Батальон насупился. Особист, такой тридцатилетний
лейтенант, кряжистый, лысоватый, быстренько подбежал на цыпочках, в стоявшего выстрелил в упор, а потом, будто, отряхнул рукава, над одним, другим, третьим... Кончил дело, не оглядываясь, запихнул пистолет в кобуру, обошел строй и исчез. Батальон разошелся без моей команды. Я сам поскорее, чтобы на гражданских не глядеть, пошел. У того, кто последний выстрелил, истерика, в винтовку вцепился... Ему сзади по башке дали, винтовку забрали. Старшего из комсомольцев потом в партию приняли." Сергей успел выкурить, пока учитель рассказывал, еще две папиросы. Островский замолк, кинул перетертую
папиросу в пепельницу. Сергей только сказал : "Плохо, что после войны грех тяжелее." Оба помолчали. Островский засмотрелся на пепельницу, бросил взгляд на часы : "Спасибо, что зашел. Мне
надо подготовиться к уроку", встал, протянул руку. Сергей тоже встал : "Что вы рассказываете об этой войне ?" "К сожалению, я пересказываю новости... Еще добавляю, что каждое новое поколение может изменить свою жизнь, только уважая выбор тех, кто жил раньше, как бы тебе это заявление ни показалось слишком торжественным..." Не отпуская руки Сергея, еще сказал : "Тебе трудно. Это навсегда. Иди на работу." И в последний раз, перед тем как Сергей ушел, положил ему руку на плечо : "Приходи!"

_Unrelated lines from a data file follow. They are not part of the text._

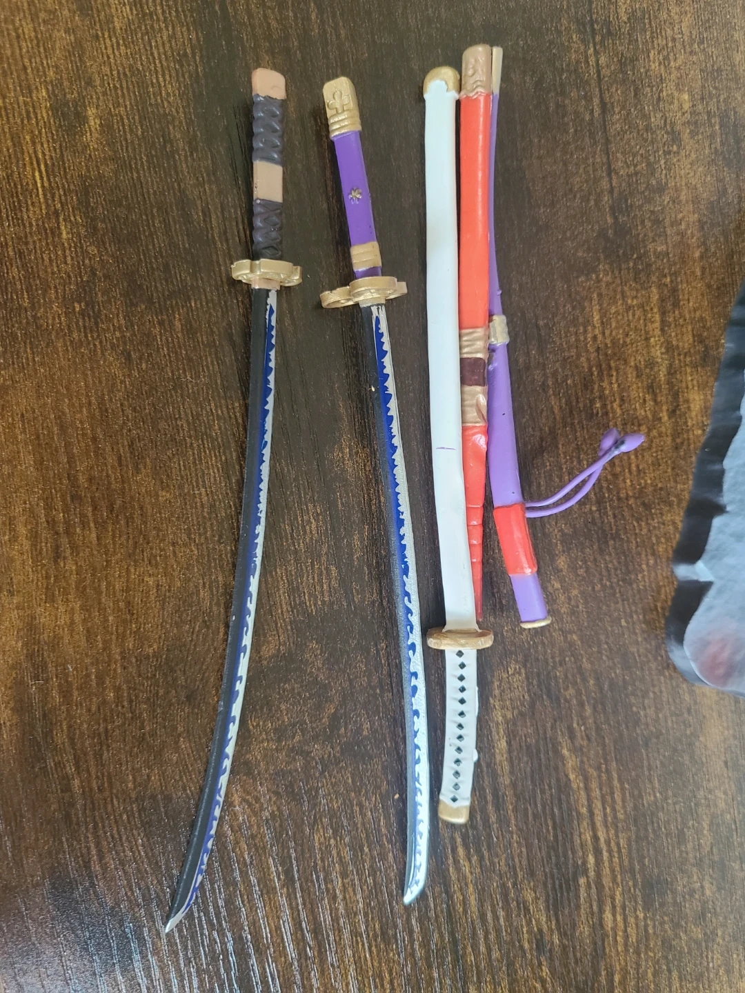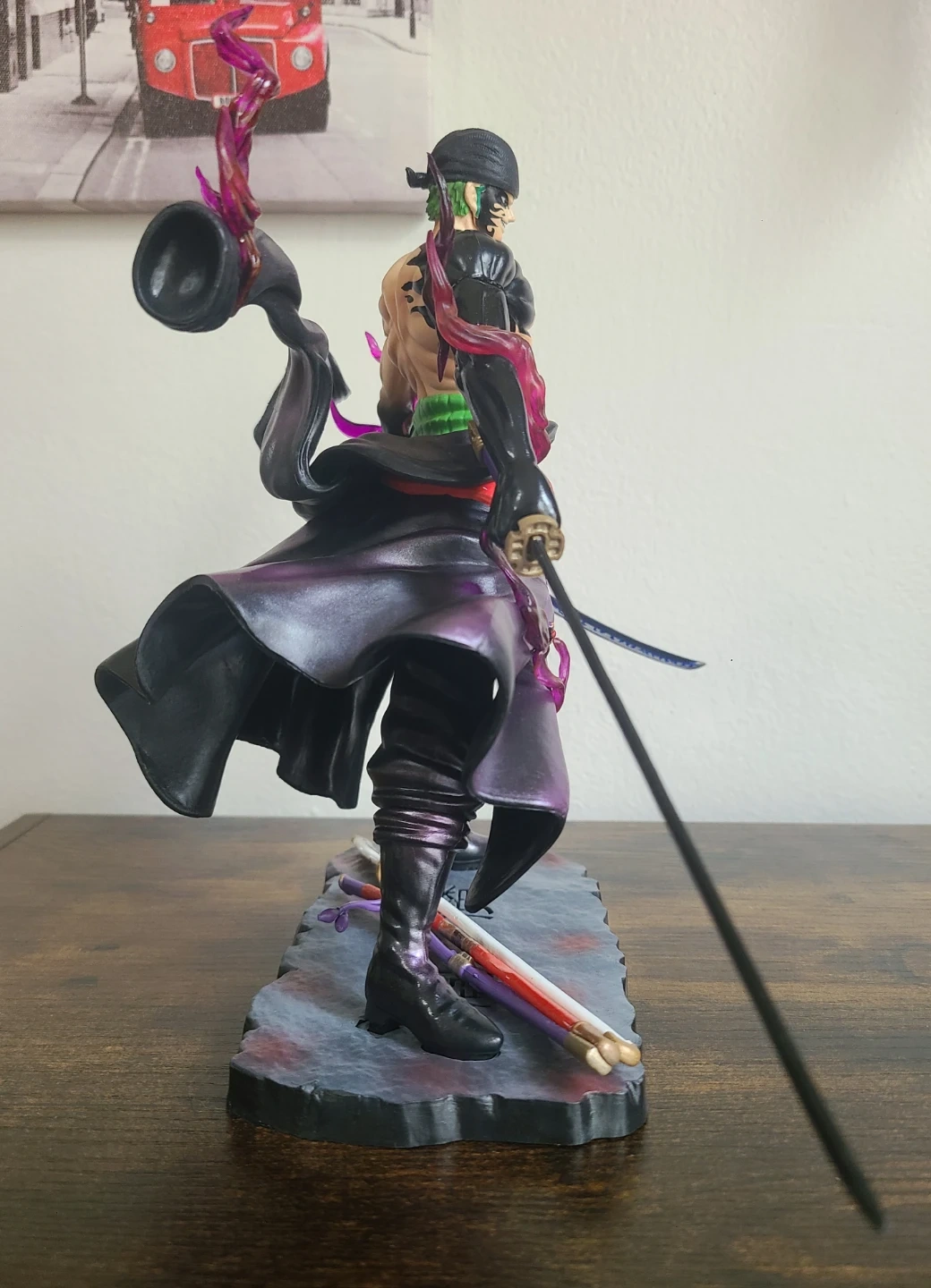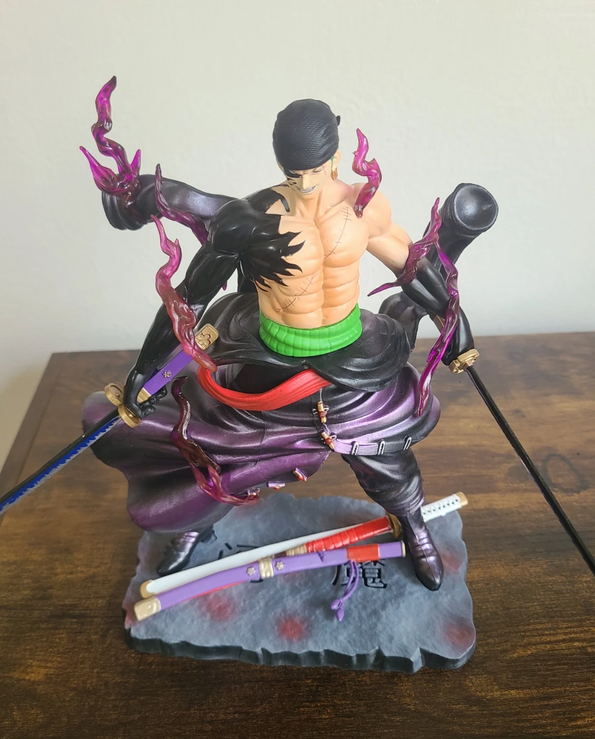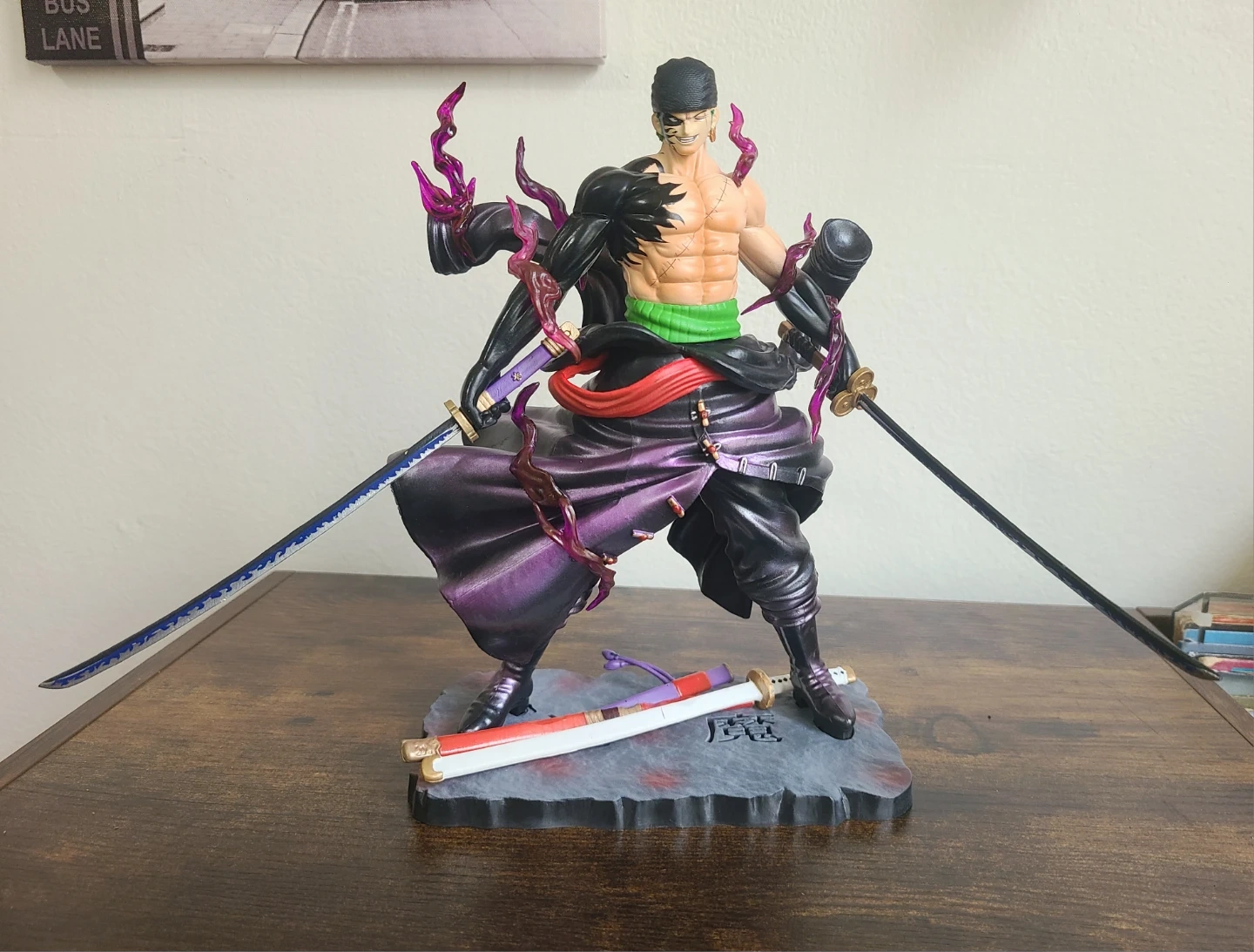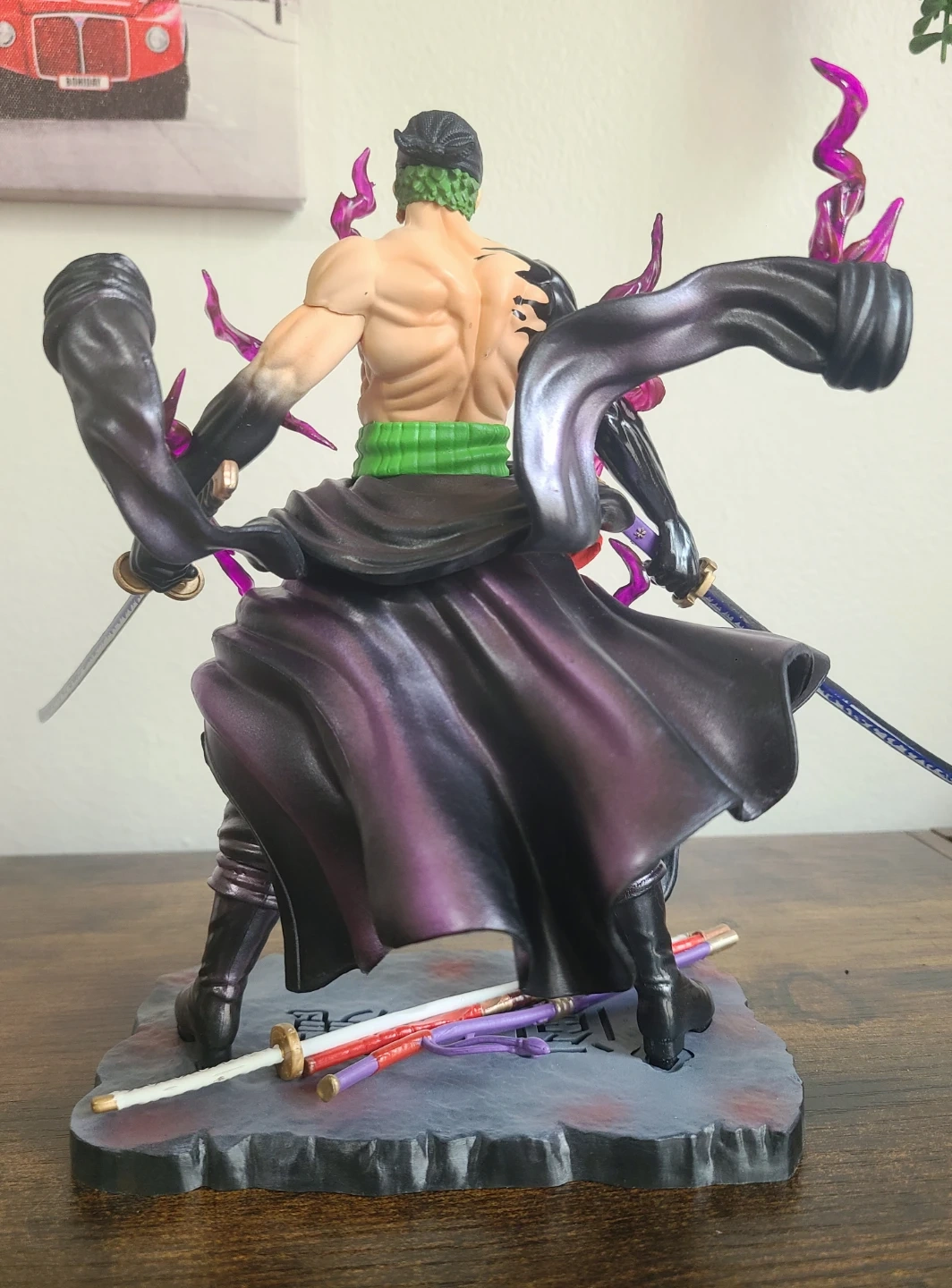 This is a Roronoa Zoro figure from One Piece. It depicts him in his battle-ready stance with swords. The figure is made of plastic and features intricate details. The size of the figure is 10 inches
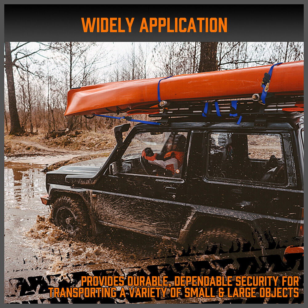 15-Foot Ratchet Belt Fastener Provides Durable, Reliable Security For Transporting a Variety of Items. Securely Fasten Motorcycles, Bicycles, Kayaks, UTVs, Boats, ATVs, Boxes, Boats, Coolers and Oher Cargo by Trailer or Roof Rack.
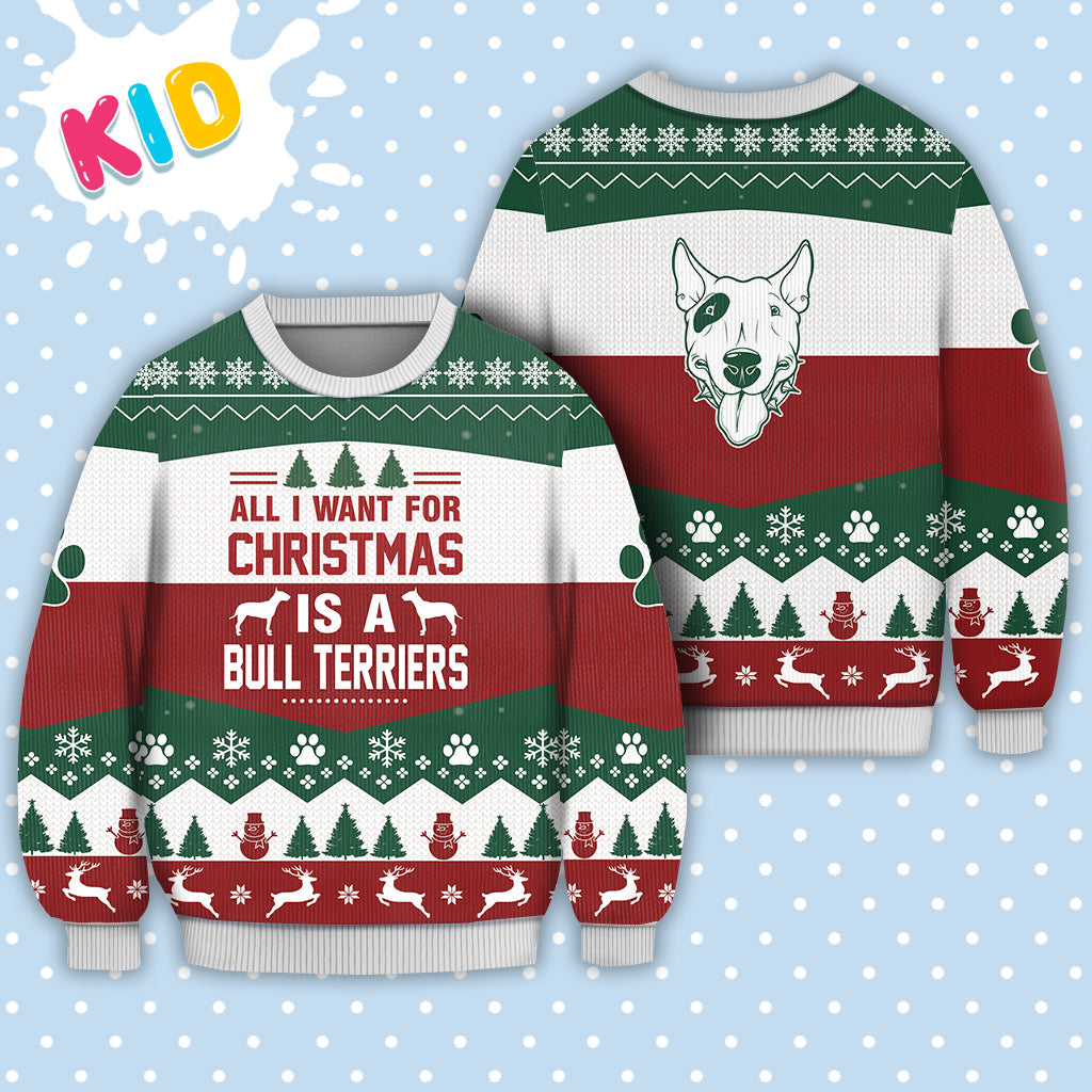 Bull Terriers All I Want For Christmas Ugly Christmas Sweater – Christmas Graphic Sweater
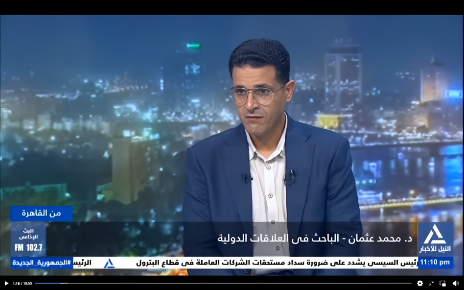 لقائي مساء يوم 7 سبتمبر 2025 علي شاشة النيل للأخبار وقراءة لرد الفعل الإسرائيلي علي موجة الاعتراف الدولي، لاسيما الأوروبي بدولة فلسطين
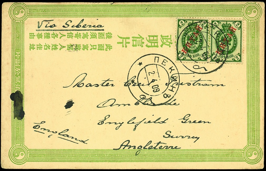 Peking: 1909 (2 Apr.) two China third issue postal stationery 1c. green cards to England bearing Kitai 2k. (2, one card missing one) tied by Peking type 7B c.d.s. with a second strike alongside. Fine and unusual use of these stationery cards. Illustrations of ornate birds on the reverse. (2). Photo
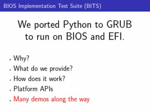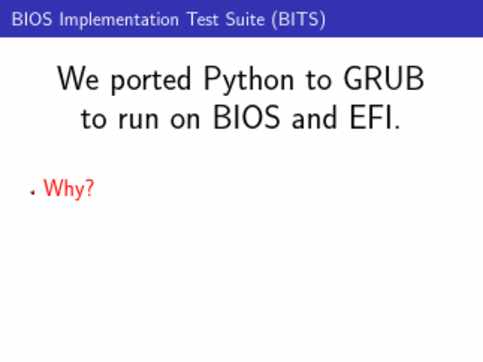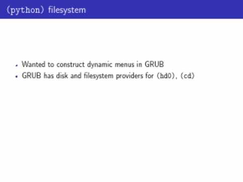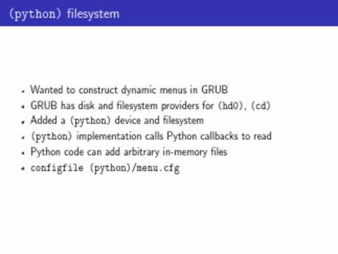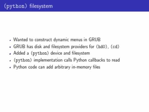 Wanted to construct dynamic menus in GRUB GRUB has disk and filesystem providers for (hd0), (cd) Added a (python) device and filesystem (python) implementation calls Python callbacks to read Python code can add arbitrary in-memory files configfile (python)/menu.cfg
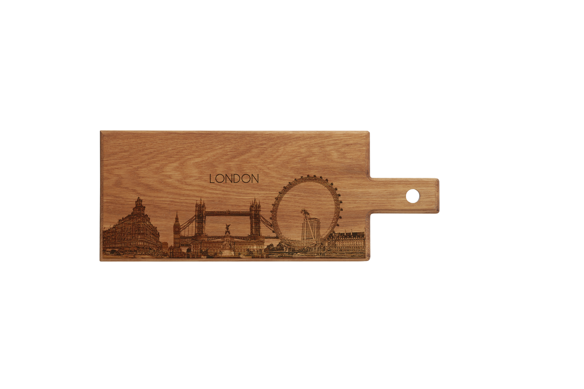 Each board is individually handmade and engraved, making every piece unique. The refined skyline composition captures London’s most recognizable landmarks along the Thames, transforming this board into a meaningful keepsake or a sophisticated decorative accent inspired by one of the world’s great cities.
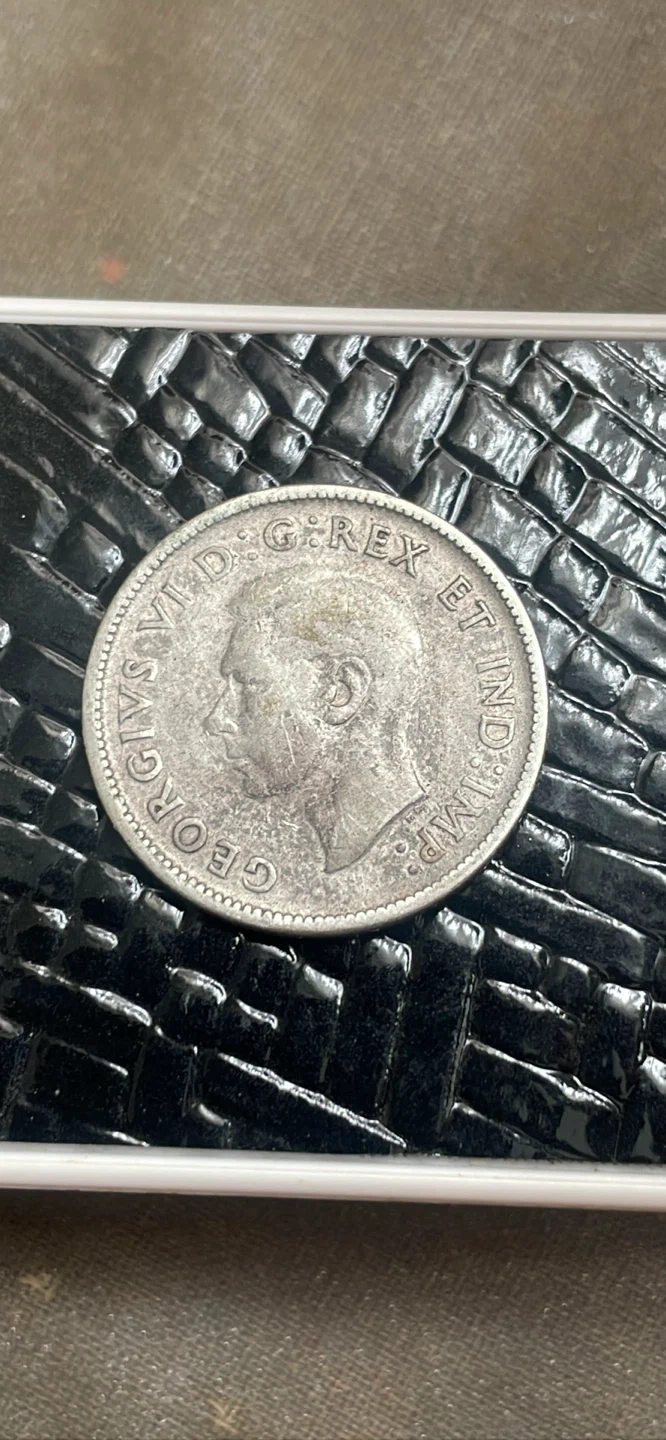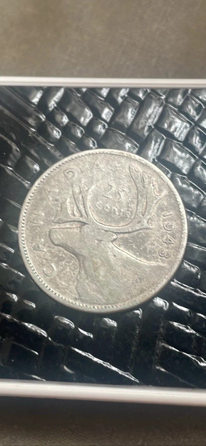 Selling a 1943 Canadian twenty-five cent coin, featuring King George VI on one side and a caribou on the other. A nice piece for any coin collector!
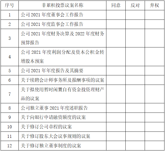茲委托       先生(女士)代表本單位(或本人)出席2022年5月20日召開的貴公司2021年年度股東大會,并代為行使表決權。
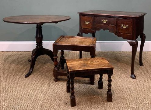 FIVE ANTIQUE OAK FURNITURE ITEMS comprising, 18th C. mahogany crossbanded lowboy, mahogany crossbanded hanging corner cupboard, two joined stools and tripod table (5)Provenance: deceased estate CardiffComments: some veneer losses, loose joints and missing elements, alterations, inspection advised
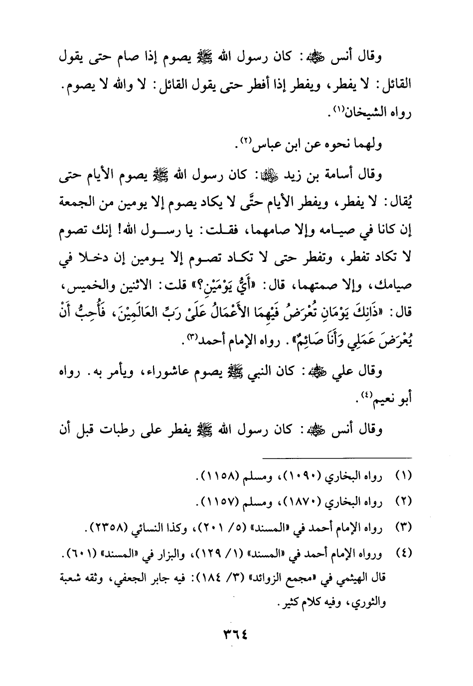 وقال أنس - رضي الله عنه -: كان رسول الله - صلى الله عليه وسلم - يصوم إذا صام حتى يقول القائل: لا يفطر، ويفطر إذا أفطر حتى يقول القائل: لا والله لا يصوم. رواه الشيخان (¬1).
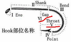 | これらは部位の形ではなく、深さ・幅で表現される。 広すぎても、深すぎても、 ポイントが曲がり易くなってしまうので、シャンクの太さや、 シャンクの断面、はたまたベンドの形とも 密接な関係がでてくる。 ゲープが広過ぎてもファールフッキングを誘ってしまう。 スロートが深すぎるても魚へのダメージが 大きすぎてしまう。 |

После встречи с Островским Сергей впервые со стороны оценил себя и все меньше находил причину своей неустроенности в окружавших обстоятельствах. Что же, условием его беззаботной, вольной жизни предполагалась его же готовность отдать себя служению системе, давшей ему такую жизнь. Что система и сделала, хотя она уже порядочно растеряла прежнюю цепкость, чтобы ловить тех, кто хотел избежать отдавать ей долг. Сергей видел и тогда, до армии, сколько существовало способов продлить жизнь, свободную от ответственности. Одно в глубине души жгло, как жжет челюсть гнилой зуб, что никуда не деться от взвешивания себя - чего достиг и упустил. Выслушать приговор честнейшего
внутреннего и всевидящего судьи о том, было ли
несделанное упущением по обстоятельствам или по незнанию, нерасторопности, в конце концов, следствием тех крох, которых не добрал в каждый
миг отпущенных едва ли трех десятков тысяч дней. От чего получается невеселый итог, что невозможно избежать собственной судьбы. Сергей чаще всего начинал отсчет от своей женитьбы, но
однажды он спустился глубже - к Юте. Вызывая в памяти ее размытое лицо, однажды внезапно понял,
что ничего бы не изменилось. И он несся навстречу реке времени, ярко, как днем, вспоминая события, о которых никогда не думал, провожал взглядом мощный поток и каждый раз убеждался, что течение несло бы его в ту же точку, из которой он нынче возвращался в прошлое...
И еще. Прежде ему бывало стыдно за свою жизнь, прожитую во снах. Теперь Сергей перестал чувствовать раздвоенность души, он - тот же и наяву и в фантазиях. С ним случалось, что он пробуждался посреди ночи в состоянии восторга, лежал, тщетно стараясь вспомнить, и, желая продлить это состояние, засыпал вновь и утром вставал с новым опытом чувств.
Однажды Сергею приснился белый собор, потолок которого растворялся в небесной сини. Вокруг были люди, но Сергей ходил, потрясенный легкостью колонн и не слыханной прежде музыкой. Он пробудился посреди ночи. Перед его невидящими
от слез глазами стояло и никуда не исчезало видение ажурных колонн среди свежего, наполнявшегося розовым светом воздуха...
Долее Сергей не мог заснуть. А над затихшими домами совершался переход от темно-синего цвета к голубому, и едва-едва из-за линии крыш, ставшей линией горизонта, густела и расширялась бело-красная полоса...
Через неделю Сергей устроился на работу. Он не
вернулся в свою первую контору, только встретился с Киром, и они недолго поговорили. Кир ни о чем его не расспрашивал, но просил не пропадать. Сергей, вспомнив про свою институтскую специальность, решил работать по ней.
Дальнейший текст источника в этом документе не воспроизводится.